My "main camera" is a Canon HV10 miniDV, which is a really sweet camera. It's getting to be about five years old, though, and is nearing the point in its life where it could start getting a bit creaky, like my old Canon ZR250, which I bought in '02, and wheezed out around '07. Money being tight lately, I knew I couldn't afford to replace something like the HV10 (at $US800-ish), and started checking out some of the ultra-compact tapeless digital cams hitting the market. I'd checked out the tapeless cams a bit around the time I bought the HV10, and had ended up going with the HV10 then because the tapeless cams with decent picture/sound quality actually cost more than an equivalent miniDV, and the ones in my price range had really crappy picture/sound.
I ended up buying an HD Xacti a couple of years ago on the recommendation of a friend who owned one, and it was one of the best decisions I've made. There's a few features the Xacti doesn't have, such as auto-stabilization, but this was outweighed by the advantages: no wasting time while playing back a whole cassette into FinalCutPro, no dealing with the issues that come with "contact media" and a tape transport with hundreds of moving parts -- and really tiny ones, at that -- and no extra-cost issues that come with having to stock up on blank media (even when I can find them on special, miniDV cassettes run me anywhere from $5 - $10 each). My total expenditure for blank media last year was about $35, for a 16gb SDHC card (the Xacti shipped with an 8gb card). With the Xacti, I load the card into a card dock, pull the shots I want to use, throw out the rest, erase the card, and it's ready to roll again; no sitting around for an hour cooling my heels while I wait for the HV10 to play back a whole cassette into the computer.
Along with the tech issues, there's also the issue of shooting street protests and such, which another poster touched on earlier. When not designing for a living, one of my avocations is shooting "underground newsreels" of protests and civil disobedience for the local Indymedia site, and up until I got the Xacti, I'd been shooting all those events on the HV10. The advantage of the Xacti made itself clear when the Occupy movement was emerging last fall, and the police started really freaking out on people with cameras. I've been very lucky so far, but, still... in any given situation in the streets, if the cops start freaking out, I'd rather have the Xacti snatched and/or smashed up by a cop than the HV10; at about $130-ish, the Xacti would be much easier to replace than the $800 HV10.

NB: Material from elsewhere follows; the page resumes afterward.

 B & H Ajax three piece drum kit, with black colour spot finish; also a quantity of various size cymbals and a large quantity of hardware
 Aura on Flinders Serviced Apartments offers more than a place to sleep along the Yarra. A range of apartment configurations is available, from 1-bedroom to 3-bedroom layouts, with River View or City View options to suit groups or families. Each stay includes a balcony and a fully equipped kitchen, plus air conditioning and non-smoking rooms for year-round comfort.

These days, I pretty much use the HV10 only for times when I need the best picture/sound quailty I can get -- usually music festivals, my wife's band's gigs, stuff like that. The rest of the time, it's the Xacti.

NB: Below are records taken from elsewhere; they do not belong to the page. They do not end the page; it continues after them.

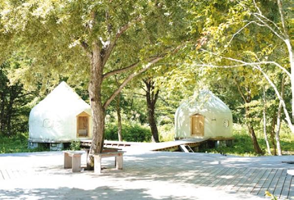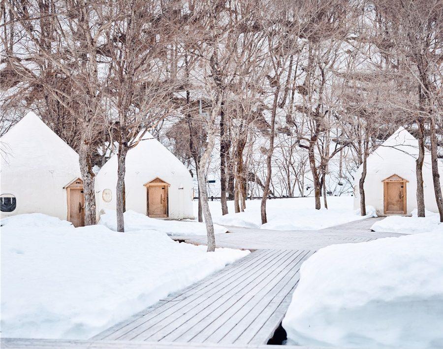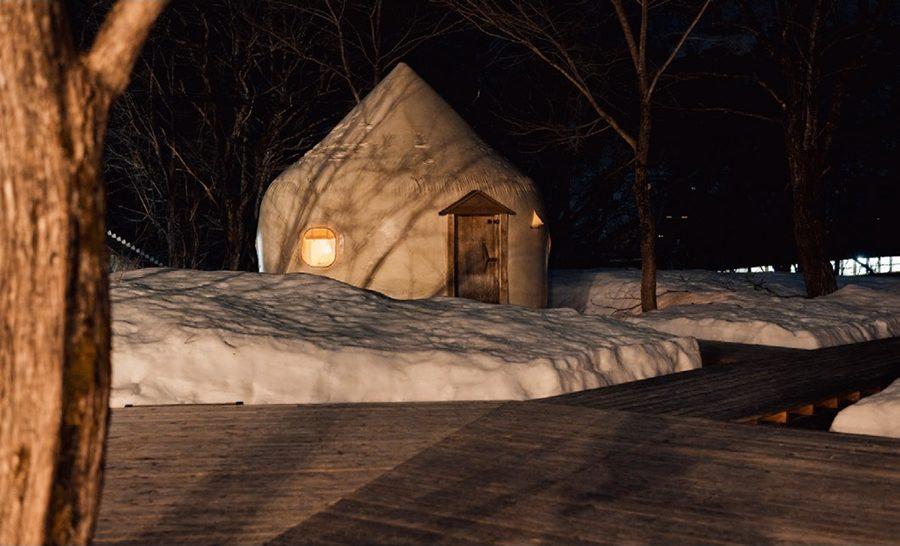宿は駅直結なので移動も楽チン。GUEST ONLYの扉を開けてデッキを進むと、なんとも可愛いメレンゲのようなインスタントハウスが顔を出す。こう見えて実は災害地での仮設住宅用に開発された優れもので、中はほっかほか。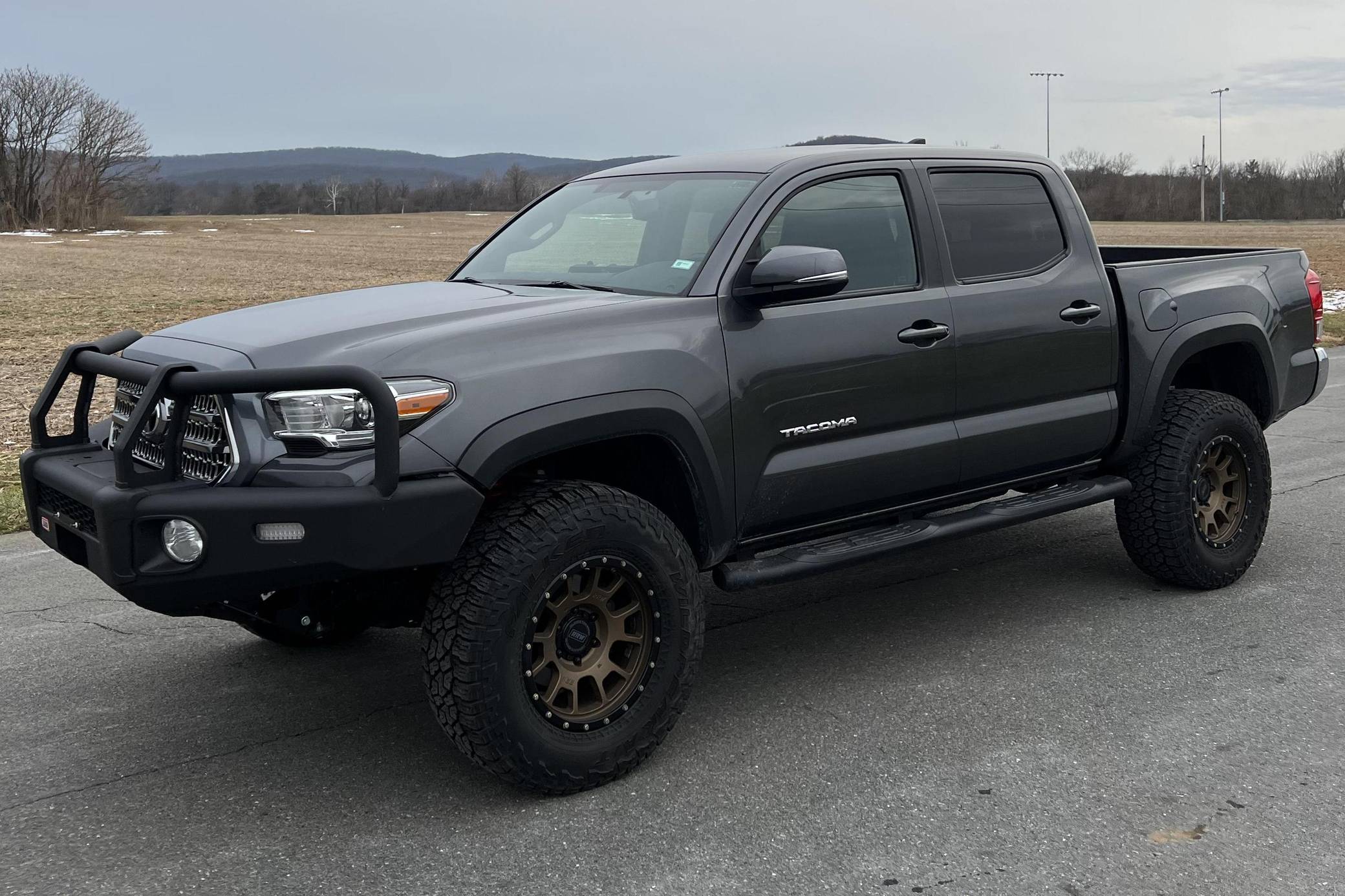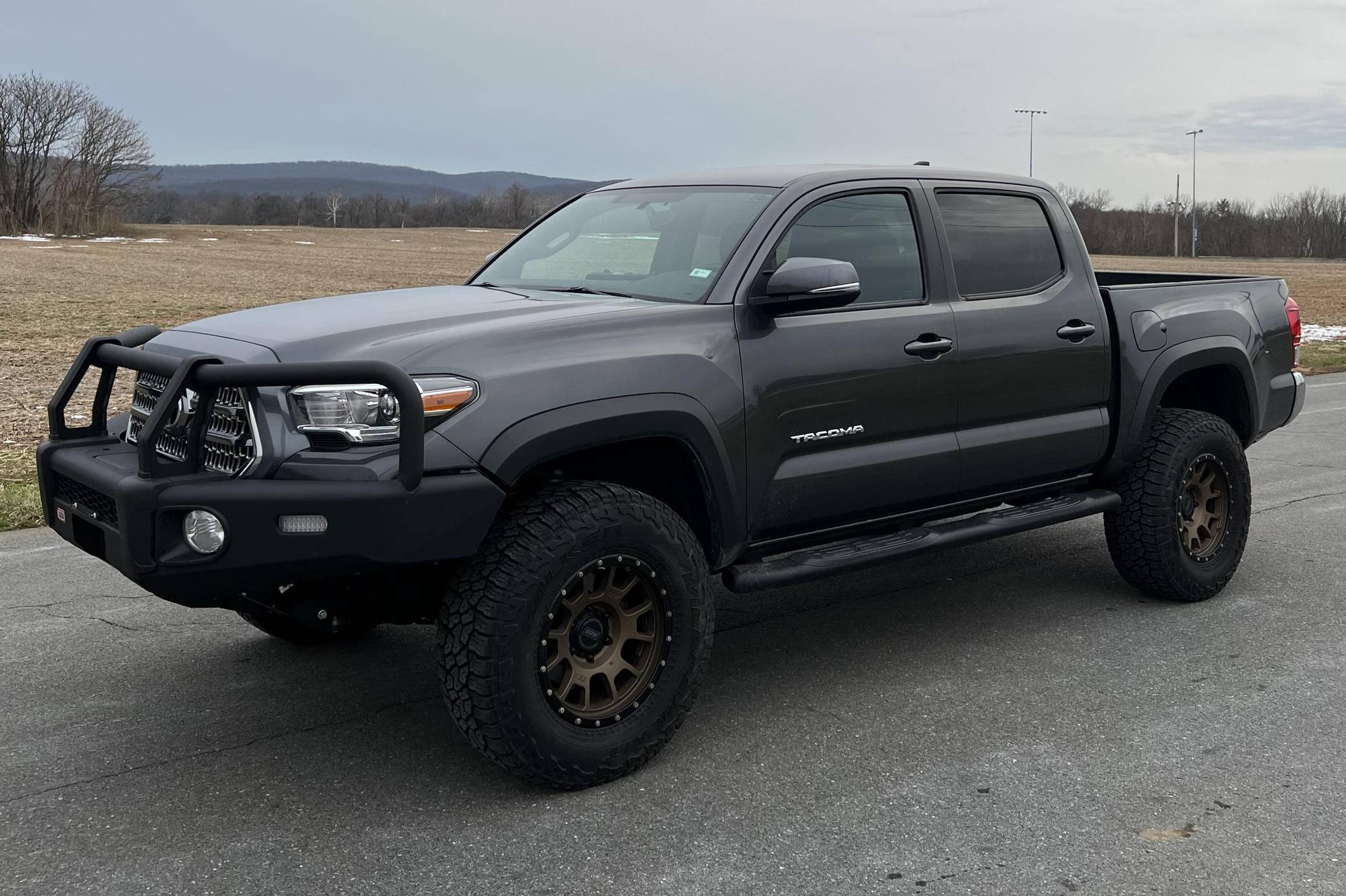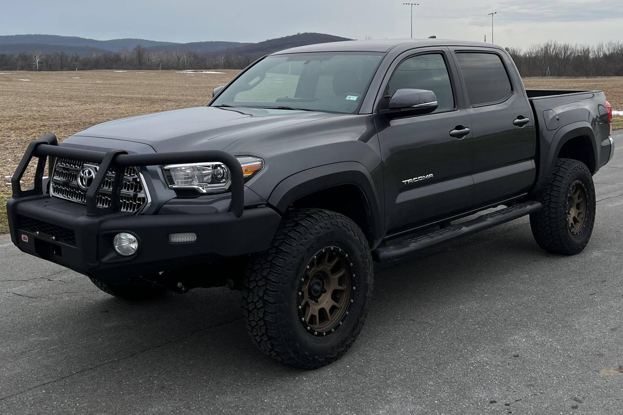 2017 Toyota Tacoma TRD Off-Road Double Cab 4x4, finished in Magnetic Gray Metallic with a black interior featuring orange accents. According to the build sheet provided in the photo gallery, factory equipment includes the TRD Off-Road Package, Entune premium sound system, the V6 Tow Package, a locking rear differential, keyless entry, Multi-Terrain Select Crawl Control, and more as detailed below. Modifications reported by the seller include an ARB front bumper, a Dobinson 2-inch suspension lift, and 17-inch RRW wheels with Falken Wildpeak tires. The full list of modifications can be seen below. Introduced in 2015, the third-generation Tacoma came equipped with an optional Atkinson cycle V6 engine utilizing Variable Valve Timing with intelligence (VVT-i), which replaced Toyota's previous VVT system. The third-generation "Taco" also featured updated styling, a more comfortable interior, and a more rigid high strength steel frame. Power comes from a 3. 5-liter V6, rated at 278 horsepower and 265 lb-ft of torque. Output is sent to the rear or all four wheels through a 6-speed manual transmission and a 2-speed transfer case.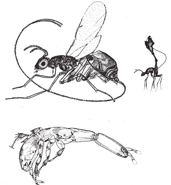 Рис. 10.6. Захребетники: наездники Apocrypta perplexa не опыляют фиги, но используют их для своих нужд. (а) самка; (b) уменьшенное изображение самки с яйцекладом наготове; (с) бескрылый самец вовсе не похож на наездника.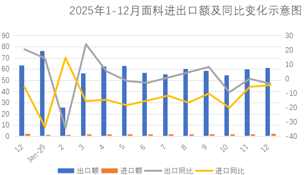 2025年1-12月紡織品出口帶動(dòng)紡織服裝出口

"What also got completely missed was the Sanyo Xacti series"
Well, except that the review of the Pannies states that they own the rights to the Xacti tech which is now discontinued by Sanyo.
I didn't know that Panasonic had taken over the Xacti stuff, I've got an old 1.5 metre water resistant Xacti and it's perfect for snorkeling, I've managed to get rays (very jammy with a manta), sharks, turtles and very other coral and fishy type stuff and it's only packed up once in 5 years ( a day in a bowl of rice sorted that out). Hopefully Panasonic have improved the video in low light as it's bloody useless above ground unless it's sunny. Saying that, my main compact's a TZ12 and it's great in low light.
The Kodak ZX5 Playsport can also be bought in blue and green.
I picked up a green one from Amazon, only £71, in part due to the colour, its the cheapest. That said if I drop it in a swimming pool I won't loose it.
Just make sure you've got a beefy PC for processing the vids....
What is an "active camcorder" when it's at home? I've always thought camcorders weren't active enough.